> [Stored data]
---

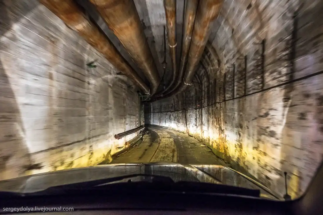 Туда прямо на машине заехали. Внутри длинный коридор с ответвлениями. В ответвления не совались, а по туннелю проехали:
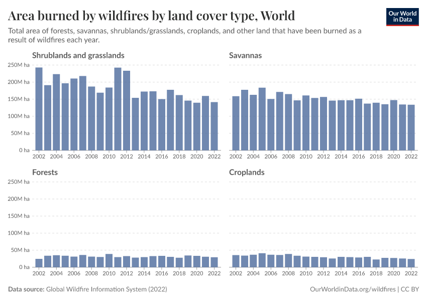 This can vary a lot depending on a country’s landscape. Savannas, for example, are much more dominant in Africa and South America America. In Oceania, it’s shrubs and grasslands. In Europe and North America, large areas of croplands are often burned.
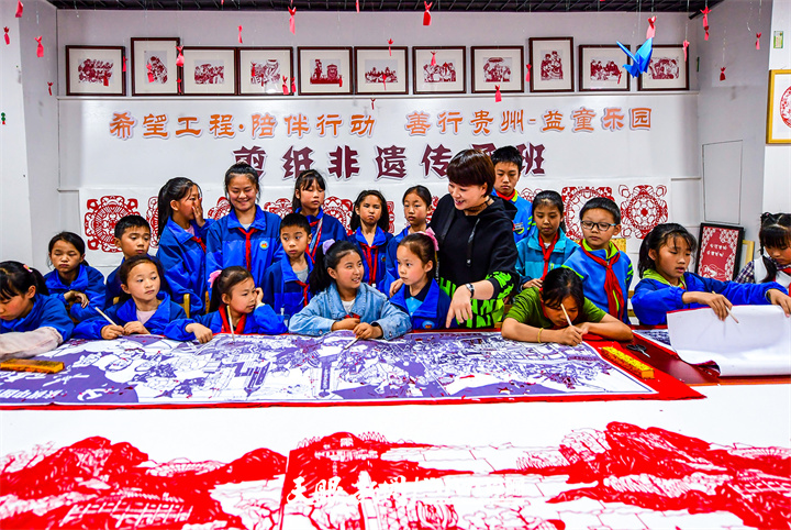 小朋友們在習(xí)水縣東皇街道東風(fēng)湖社區(qū)益童樂園剪紙非遺訓(xùn)練班學(xué)習(xí)剪紙。貴州日報(bào)天眼新聞?dòng)浾?陳慧 攝
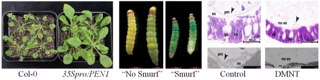 通过近五年的研究,李培金团队发现,过表达DMNT合成酶关键基因PEN1的转基因拟南芥能够驱逐并显著抑制小菜蛾幼虫的生长和繁殖,化学合成的DMNT验证了该实验结果。进一步研究发现DMNT处理能破坏小菜蛾中肠内围食膜结构(peritrophic matrix),致使肠道保护屏障受损,最终导致肠道内微生物群落紊乱和幼虫死亡。尤为重要的是,肠道微生物在DMNT杀虫过程中发挥了关键作用。此外,该研究还发现DMNT能下调PxMucin基因的表达,从而影响围食膜的稳定。该工作系统揭示了DMNT参与植物直接抗虫的作用机制,为农作物抗虫育种研究提供了重要基因资源和理论依据。围绕这些研究,获国家发明专利授权2项,国家新型实用专利授权1项。

---

> [Work instruction] The answer should consist only of the lines from the line with "This can vary" through the last line of the data, repeated exactly; pictures stay out.

> [Response to the task]
 This can vary a lot depending on a country’s landscape. Savannas, for example, are much more dominant in Africa and South America America. In Oceania, it’s shrubs and grasslands. In Europe and North America, large areas of croplands are often burned.
 小朋友們在習(xí)水縣東皇街道東風(fēng)湖社區(qū)益童樂園剪紙非遺訓(xùn)練班學(xué)習(xí)剪紙。貴州日報(bào)天眼新聞?dòng)浾?陳慧 攝
 通过近五年的研究,李培金团队发现,过表达DMNT合成酶关键基因PEN1的转基因拟南芥能够驱逐并显著抑制小菜蛾幼虫的生长和繁殖,化学合成的DMNT验证了该实验结果。进一步研究发现DMNT处理能破坏小菜蛾中肠内围食膜结构(peritrophic matrix),致使肠道保护屏障受损,最终导致肠道内微生物群落紊乱和幼虫死亡。尤为重要的是,肠道微生物在DMNT杀虫过程中发挥了关键作用。此外,该研究还发现DMNT能下调PxMucin基因的表达,从而影响围食膜的稳定。该工作系统揭示了DMNT参与植物直接抗虫的作用机制,为农作物抗虫育种研究提供了重要基因资源和理论依据。围绕这些研究,获国家发明专利授权2项,国家新型实用专利授权1项。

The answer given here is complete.